(Records contained in a dataset)
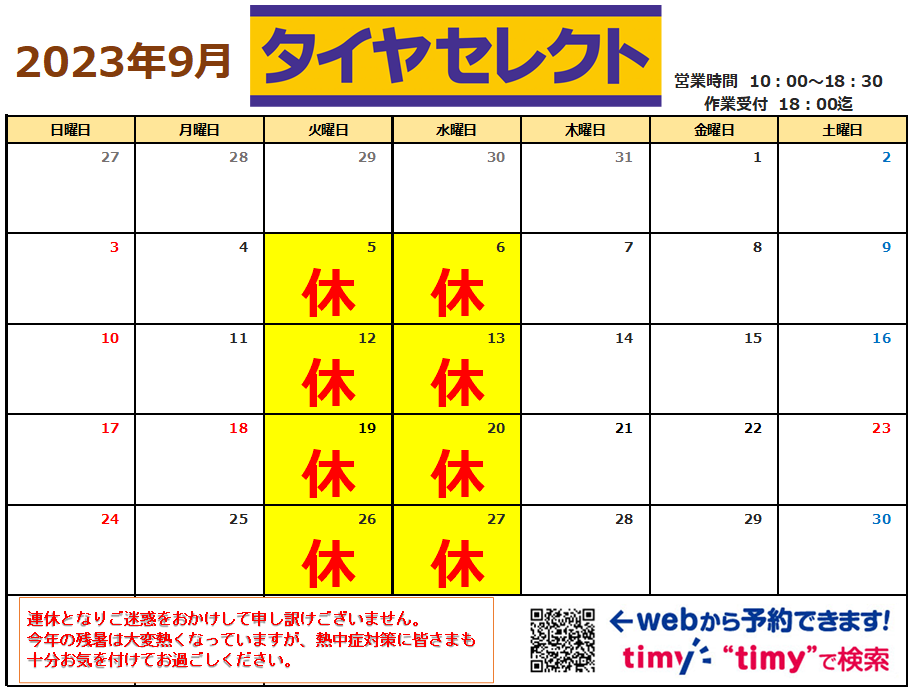 緊急事態宣言の解除が発表されたことを受け、当該エリアのタイヤセレクト・タイヤランド(直営店)におきましては、順次、通常営業を再開いたします。 お客様及び従業員の安全を第一に考え、予約制の導入や接客時間の短縮をはかることで、お客様同士の距離の確保や、スタッフとの接触機会を最小限に心がけるなどの感染防止に努めてまいります。 (店内には消毒液を設置しております。また換気、テーブル等の消毒も実施しております。) 詳細は「 お知らせ」をご確認ください。 ご不便やご迷惑をおかけいたしますが、何卒宜しくお願い申し上げます。
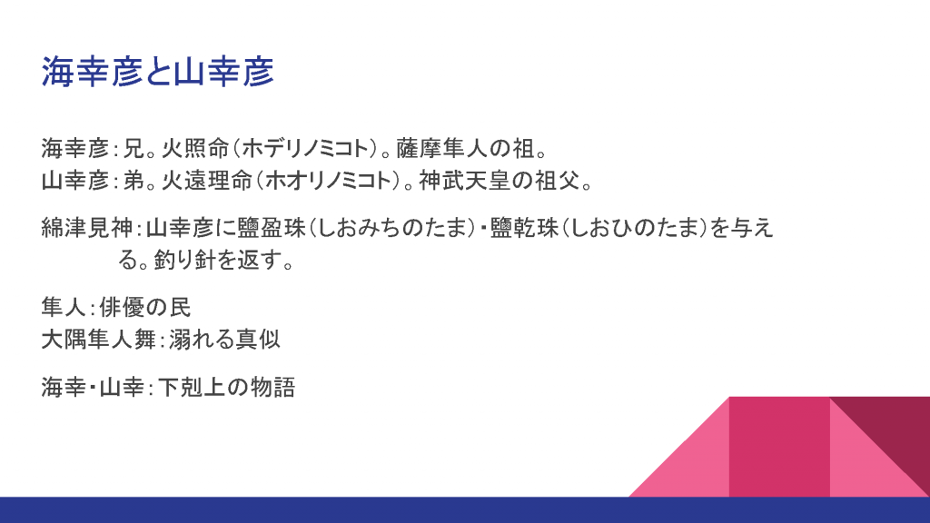 とりあえず日本神話から始めましょう。海幸彦と山幸彦の話は割と有名かと思いますが、ざっくりおさらいします。
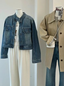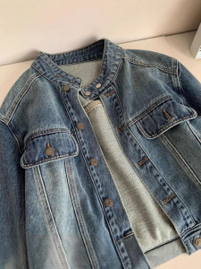2025年春季新款港味复古做旧短款牛仔外套女宽松显瘦立领夹克上衣
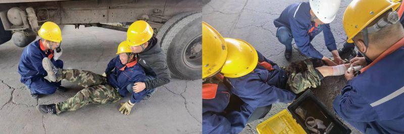 機(jī)械傷害是安全生產(chǎn)人身傷亡事故中最常見的事故類型,組織職工開展應(yīng)急演練,是避免和減少此類事故發(fā)生的重要途徑。為確保此次演練取得預(yù)期效果,配送公司裝卸作業(yè)部提前制定方案,成立安全小組,明確職責(zé)分工,并組織參演人員進(jìn)行演練前培訓(xùn),細(xì)化各環(huán)節(jié)步驟。此次演練模擬作業(yè)人員在庫區(qū)作業(yè)吊裝貨物時(shí),因自身麻痹大意導(dǎo)致被貨物撞擊致傷,造成機(jī)械傷害的場景。在警戒組、應(yīng)急救援組、檢查組、后勤保障組等各參演人員的密切協(xié)作下,圓滿完成了此次演練任務(wù)。
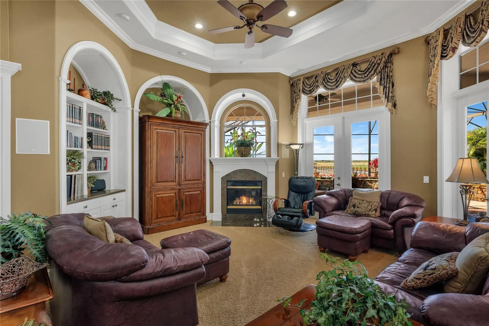 Experience breathtaking Florida LAKEFRONT SUNSETS from this stunning and unique custom home in the exclusive gated community of Sunset Pointe. Situated near shopping, DISNEY/UNIVERSAL/SEA WORLD, major transportation, hospitals, LAKE NONA, and NEO CITY and nestled amongst only 14 properties, this secluded oasis offers the perfect blend of privacy, security and convenience. On the shores of West Lake Tohopekaliga, the home is adjacent to a conservation area and is connected by a walking/biking path to historic Downtown Kissimmee, where you can catch a SunRail train to downtown Orlando/Winter Park, launch a boat from the marina, take in entertainment at the lakefront park, indulge in local dining, enjoy the nightly fireworks on the horizon from the attractions, celebrate the 4th of July with a spectacular view of the City fireworks, or catch the SpaceX launches from the front yard. The ORLANDO INT’L AIRPORT is just 16 miles away, and COCOA BEACH is a 60-mile drive. The low maintenance exterior of the home boasts a barrel tile concrete roof and genuine Tennessee fieldstone, which carries through to the waterfalls in the lagoon-style saltwater pool and hot tub overlooking the lake. Step inside and discover a world of comfort and elegance. The primary suite features dual walk-in closets and vanities, a deep jetted tub, shower with dual heads/slide bars/seat, and direct access to the lanai. The updated kitchen is a chef’s dream, boasting SS Bosch double oven and dishwasher, KitchenAid glass cooktop, a Samsung 4-door refrigerator, cast iron Kohler sink, prep island, instant hot water dispenser, wine rack, pull-out trays, tilt-out trays and granite countertops. The spacious utility room has a laundry tub, built-in cabinetry w/desk, solid surface countertops, a washer/two dryers, built-in ironing board and built-in laundry hampers. Additional highlights include spacious 12′ ceilings throughout, transom windows, bay windows, crown molding, architectural trim with tray/coffered ceilings, a gas ventless fireplace, 3 bookcases, custom louvered shutters and abundant storage. The hone boasts a 3-zone energy-efficient A/C system and 80-gallon hot water heater with recirculating pump, water filtration system with ozonator, carbon filter and softener-no expensive water bills! The garage measures over 1500 sf with 3 oversized doors (10×10 and 12×13), 12′ and 14′ ceilings, and a deep center bay for an RV/boat/antique car. It’s also wired for EV charging and offers ample storage space, including abundant shelving, two huge closets, a utility sink/cabinet above and attic storage. Room for all your tools and toys! Indulge in the ultimate entertainment experience with surround sound prewiring in the family room and primary bedroom, speaker prewiring on the lanai, intercom system and in-wall/ceiling speakers with volume controls throughout the home. Smart wire and dimmer switches, Google Nest(R) doorbell, LED lighting and automatic night lights provide some of the latest technology and conveniences. If you enjoy spending your leisure time fishing, boating, bird/nature-watching, playing pickle ball or simply relaxing by the lagoon-style saltwater pool with fountain and waterfalls, you won’t want to miss the opportunity to own this custom home of unparalleled quality and luxury. No expensive CDD fees and not in a flood zone!
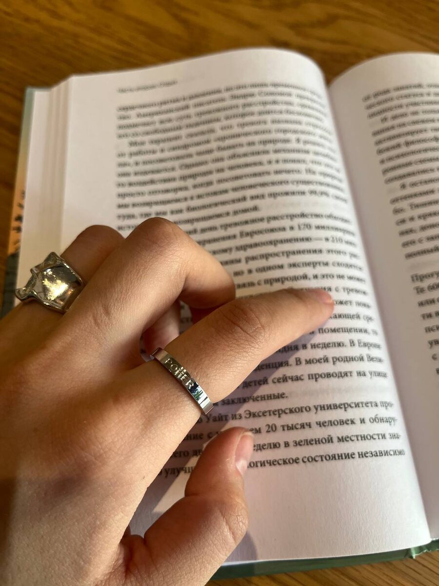 Кольцо «poher» и книга «Займись ничем». В ней описывается как отдых действует на мозг, какие отделы затрагивает. Очень много классных исследований приведено в пример. И главное, легко читается. Вот вам интересный факт из книги: «По данным Агентства по охране окружающей среды в Великобритании три четверти детей сейчас проводит на улице меньше времени, чем заключенные»
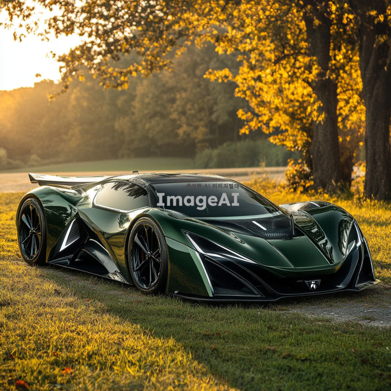 굉장히커다랗고초록색의슈퍼카그리고자율주행이어야해
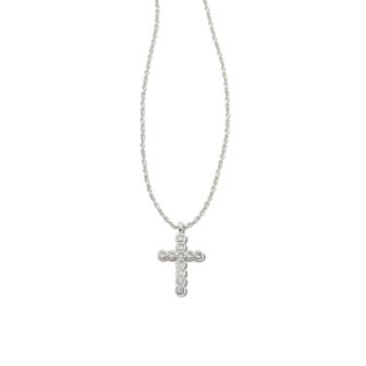 A delicate symbol with subtle shine, the Cross Silver Pendant Necklace in White Crystal is a meaningful reminder of what matters to you most. Rhodium Over Brass. Lobster Clasp With Single Adjustable Slider Bead. 19" Chain, 0.5"L X 0.83"W Pendant.
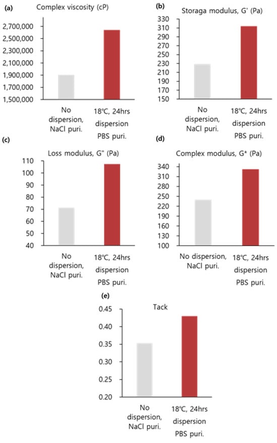 In Figure 2a–c and Tables S1–S9, complex viscosity, G′, and G″ show a tendency to increase over time, except at 4 °C. The graph of complex viscosity shows that the value for the previous experiment was roughly 2.4 McP, and the values for the experiment including the dispersion process were about 4.8 McP at 10 °C and 4.3 McP at 18 °C for 24 h—roughly twice the previous values.
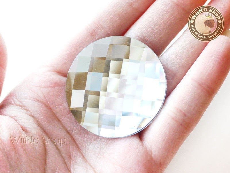 40mm Large Clear Round Square Cut Flat Back Acrylic Rhinestone - 1 pc
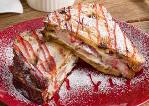 4. Remove toothpicks and slice sandwich into quarters. Top with powdered sugar and serve.
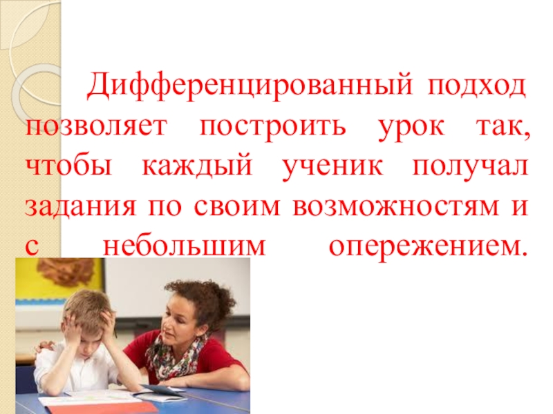 Слайд 28 Дифференцированный подход позволяет построить урок так, чтобы каждый
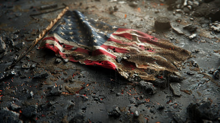 A solitary military helmet rests on a pile of debris, showcasing wear and grime. The urban background emphasizes the stark contrast between safety and destruction.
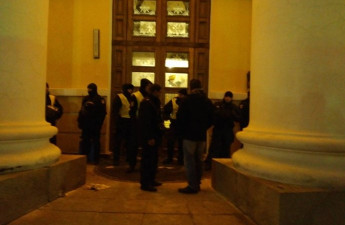 Близько 50 правоохоронців намагаються виштовхати частину учасників акції «Марш за імпічмент», яким вдалося прорватися частково всередину Жовтневого палацу

_Description of the task_
Each line from the one bearing "In Figure 2a–c" through the final line of the records is to be copied exactly, and no pictures are to be included.

_Solution below_
 In Figure 2a–c and Tables S1–S9, complex viscosity, G′, and G″ show a tendency to increase over time, except at 4 °C. The graph of complex viscosity shows that the value for the previous experiment was roughly 2.4 McP, and the values for the experiment including the dispersion process were about 4.8 McP at 10 °C and 4.3 McP at 18 °C for 24 h—roughly twice the previous values.
 40mm Large Clear Round Square Cut Flat Back Acrylic Rhinestone - 1 pc
 4. Remove toothpicks and slice sandwich into quarters. Top with powdered sugar and serve.
 Слайд 28 Дифференцированный подход позволяет построить урок так, чтобы каждый
 A solitary military helmet rests on a pile of debris, showcasing wear and grime. The urban background emphasizes the stark contrast between safety and destruction.
 Близько 50 правоохоронців намагаються виштовхати частину учасників акції «Марш за імпічмент», яким вдалося прорватися частково всередину Жовтневого палацу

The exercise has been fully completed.